Seit 30 Jahren 30.000 Arbeitslose
In einem Buchbeitrag analysiert Diakonie-Geschäftsführer Stephan Kiepe-Fahrenholz die Armut in Duisburg.
(ma) Um den Umgang mit sozialer Ungleichheit und Armut geht es im jüngst erschienenen Buch „Arme habt ihr immer bei euch“. In seinem Beitrag zur Armut in Duisburg schildert Geschäftsführer Stephan Kiepe-Fahrenholz, die Arbeit des Diakonischen Werks als „permanente Grenzerfahrung“. Er fordert, alte Tabus zu brechen und von unrealistischen Illusionen Abschied zu nehmen. Über seine Erfahrungen aus 21 Jahren spricht der 61-Jährige Theologe im Interview.

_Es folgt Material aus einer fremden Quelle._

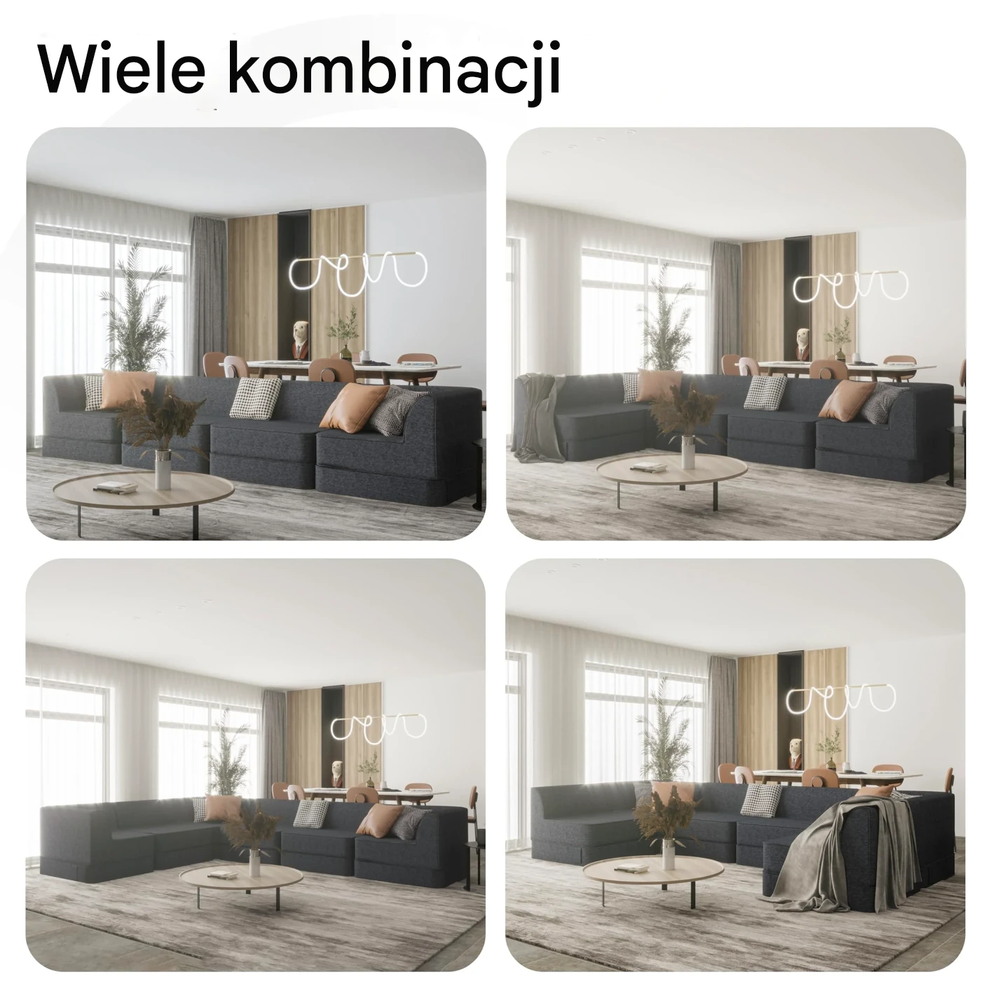 Ostateczna Personalizacja: Łącz i dopasowuj moduły środkowe/narożne, aby pasowały do każdego układu pomieszczenia. Zmieniaj konfigurację sofy co roku lub rozdzielaj ją na wolnostojące siedziska/maty.
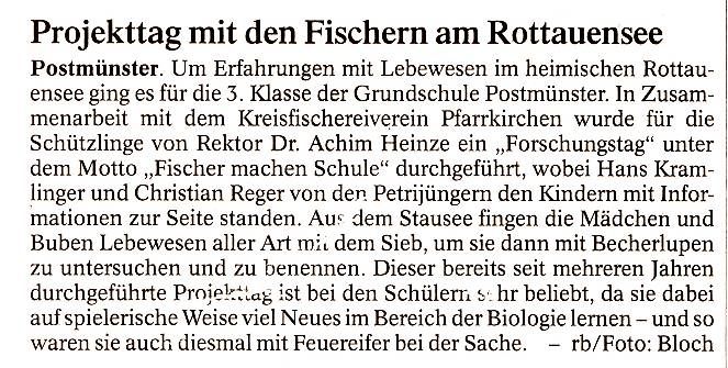 Postmünster. Um Erfahrungen mit Lebewesen im heimischen Rottauensee ging es für die 3. Klasse der Grundschule Postmünster. In Zusammenarbeit mit dem Kreisfischereiverein Pfarrkirchen wurde für die Schützlinge von Rektor Dr. Achim Heinze ein „Forschungstag“ unter dem Motto „Fischer machen Schule“ durchgeführt, wobei Hans Kramlinger und Christian Reger von den Petrijüngern den Kindern mit Informationen zur Seite standen. Aus dem Stausee fingen die Mädchen und Buben Lebewesen aller Art mit dem Sieb, um sie dann mit Becherlupen zu untersuchen und zu benennen. Dieser bereits seit mehreren Jahren durchgeführte Projekttag ist bei den Schülern sehr beliebt, da sie dabei auf spielerische Weise viel Neues im Bereich der Biologie lernen - und so waren sie auch diesmal mit Feuereifer bei der Sache. - rb/Foto: Bloch
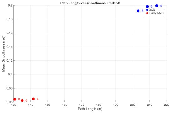Figure 6 illustrates the trade-off relationship between the average path length and the mean smoothness achieved by the two agents across all tested scenarios. Each point corresponds to a specific obstacle configuration (4, 6, and 8 obstacles), annotated accordingly. As observed, the F-DQN agent consistently occupies the lower-left region of the plot, indicating shorter and smoother trajectories, whereas the baseline DQN solutions are positioned toward the upper-right region, corresponding to longer and less stable paths. This demonstrates the effectiveness of the fuzzy reward mechanism in balancing competing objectives—distance minimization and trajectory smoothness—without explicit multi-objective optimization. The F-DQN’s ability to generalize across different levels of environmental complexity also reflects its capacity for context-sensitive decision-making, as the fuzzy inference system dynamically adjusts reward contributions from progress, energy use, and deviation. By contrast, the baseline DQN often overemphasizes goal convergence, leading to sharper turns and redundant maneuvers. Overall, the trade-off scatter confirms that the Fuzzy DQN yields more energy-efficient and kinematically feasible paths, which are particularly desirable for real-world autonomous surface vehicle navigation, where stability and efficiency are critical.
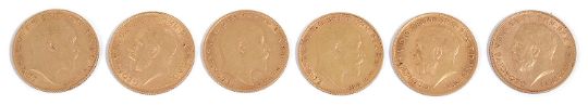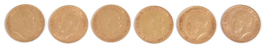 the three Edward VII half sovereigns, 1906, 1908 and 1910, gold coins 0.916, Obverse: King Edward VII bare head right, Edwardus D:G:BRITT:OMN:REX F.D. IND:IMP; Reverse: St George slaying the dragon right, the three George V gold half sovereigns, 1911, 1913 and 1914, gold coins 0.916, Obverse: King George V bare head left, GEORGIVS V D.G. BRITT:OMN:REX F.D. IND:IMP; Reverse: St George slaying the dragon right, (6)

Die Stadt könne nur noch Reparaturbetrieb sein, schließen Sie. Warum so pessimistisch?
Stephan Kiepe-Fahrenholz Das muss man realistischerweise sagen und sich dafür einsetzen. Arm und reich hat es immer gegeben. Wie alle in sozialen Berufen habe auch ich viel Abstieg und Mangel begleitet. Trotzdem macht die Aufgabe Spaß, sonst würde ich es nicht so lange machen. Doch Motivation bezieht man langfristig nicht nur aus großen Zielen. Die Niederlagen sind so zahlreich, dass man sich keine Illusionen mehr macht.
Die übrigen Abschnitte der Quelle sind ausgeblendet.